• _THE PROBLEM_
Reproduce the records exactly, beginning with their first line and ending with the line that contains "LNA: Trois points", and output nothing more.

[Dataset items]
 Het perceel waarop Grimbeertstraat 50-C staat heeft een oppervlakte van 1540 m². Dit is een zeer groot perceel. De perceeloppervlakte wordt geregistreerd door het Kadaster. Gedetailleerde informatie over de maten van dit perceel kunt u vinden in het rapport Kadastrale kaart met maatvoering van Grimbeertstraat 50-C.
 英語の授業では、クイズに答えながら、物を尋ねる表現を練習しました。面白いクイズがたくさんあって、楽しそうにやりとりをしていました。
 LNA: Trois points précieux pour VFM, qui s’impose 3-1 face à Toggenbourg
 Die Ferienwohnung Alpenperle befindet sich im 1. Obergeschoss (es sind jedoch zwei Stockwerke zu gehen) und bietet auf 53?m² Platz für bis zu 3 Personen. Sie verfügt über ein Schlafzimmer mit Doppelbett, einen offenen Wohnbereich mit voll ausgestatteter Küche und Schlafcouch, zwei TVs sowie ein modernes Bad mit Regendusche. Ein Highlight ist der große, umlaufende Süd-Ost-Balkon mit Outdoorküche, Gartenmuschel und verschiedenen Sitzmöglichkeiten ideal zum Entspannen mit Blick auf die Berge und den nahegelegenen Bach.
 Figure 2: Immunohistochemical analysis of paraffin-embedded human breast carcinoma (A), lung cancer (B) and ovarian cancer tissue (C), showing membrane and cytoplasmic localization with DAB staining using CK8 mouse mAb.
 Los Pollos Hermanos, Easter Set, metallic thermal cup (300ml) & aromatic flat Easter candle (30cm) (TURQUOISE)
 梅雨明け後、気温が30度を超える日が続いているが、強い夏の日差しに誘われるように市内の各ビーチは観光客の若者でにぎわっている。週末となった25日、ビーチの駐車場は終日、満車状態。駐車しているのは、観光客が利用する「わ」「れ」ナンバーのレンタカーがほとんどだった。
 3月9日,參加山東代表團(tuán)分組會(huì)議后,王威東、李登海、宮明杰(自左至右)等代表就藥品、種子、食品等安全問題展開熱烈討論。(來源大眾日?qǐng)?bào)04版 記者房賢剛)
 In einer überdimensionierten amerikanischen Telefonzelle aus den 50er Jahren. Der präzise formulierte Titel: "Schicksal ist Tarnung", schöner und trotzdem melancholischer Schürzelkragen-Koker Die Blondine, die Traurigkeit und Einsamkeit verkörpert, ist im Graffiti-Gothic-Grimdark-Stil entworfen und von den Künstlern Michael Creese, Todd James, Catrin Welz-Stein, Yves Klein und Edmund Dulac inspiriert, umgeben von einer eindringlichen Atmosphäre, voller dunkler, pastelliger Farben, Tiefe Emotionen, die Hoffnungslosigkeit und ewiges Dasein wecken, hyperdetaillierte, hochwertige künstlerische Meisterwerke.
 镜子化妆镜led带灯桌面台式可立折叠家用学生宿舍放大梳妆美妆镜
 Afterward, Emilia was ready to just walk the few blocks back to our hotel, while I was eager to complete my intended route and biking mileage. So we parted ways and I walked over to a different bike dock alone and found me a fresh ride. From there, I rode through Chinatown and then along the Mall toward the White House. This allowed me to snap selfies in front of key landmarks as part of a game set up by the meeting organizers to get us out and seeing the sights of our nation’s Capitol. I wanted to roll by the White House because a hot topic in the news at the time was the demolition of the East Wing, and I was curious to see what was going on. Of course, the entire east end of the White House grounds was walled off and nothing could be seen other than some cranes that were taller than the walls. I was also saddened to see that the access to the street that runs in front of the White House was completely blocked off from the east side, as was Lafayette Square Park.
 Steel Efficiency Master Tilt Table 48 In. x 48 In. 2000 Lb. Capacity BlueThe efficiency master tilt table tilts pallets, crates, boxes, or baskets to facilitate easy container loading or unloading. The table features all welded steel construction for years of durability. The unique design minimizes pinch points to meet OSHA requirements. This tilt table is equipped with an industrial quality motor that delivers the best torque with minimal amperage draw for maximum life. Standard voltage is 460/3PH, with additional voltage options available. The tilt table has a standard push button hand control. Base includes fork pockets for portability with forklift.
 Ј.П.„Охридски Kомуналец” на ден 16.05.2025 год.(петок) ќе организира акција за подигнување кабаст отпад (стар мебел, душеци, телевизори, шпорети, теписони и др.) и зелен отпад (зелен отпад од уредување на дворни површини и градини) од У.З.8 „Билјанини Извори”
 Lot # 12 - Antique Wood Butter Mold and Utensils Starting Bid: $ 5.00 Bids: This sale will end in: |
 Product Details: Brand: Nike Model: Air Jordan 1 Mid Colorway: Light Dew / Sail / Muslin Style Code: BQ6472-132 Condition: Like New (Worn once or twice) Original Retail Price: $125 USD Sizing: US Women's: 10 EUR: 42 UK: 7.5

• _WORKED SOLUTION_
 Het perceel waarop Grimbeertstraat 50-C staat heeft een oppervlakte van 1540 m². Dit is een zeer groot perceel. De perceeloppervlakte wordt geregistreerd door het Kadaster. Gedetailleerde informatie over de maten van dit perceel kunt u vinden in het rapport Kadastrale kaart met maatvoering van Grimbeertstraat 50-C.
 英語の授業では、クイズに答えながら、物を尋ねる表現を練習しました。面白いクイズがたくさんあって、楽しそうにやりとりをしていました。
 LNA: Trois points précieux pour VFM, qui s’impose 3-1 face à Toggenbourg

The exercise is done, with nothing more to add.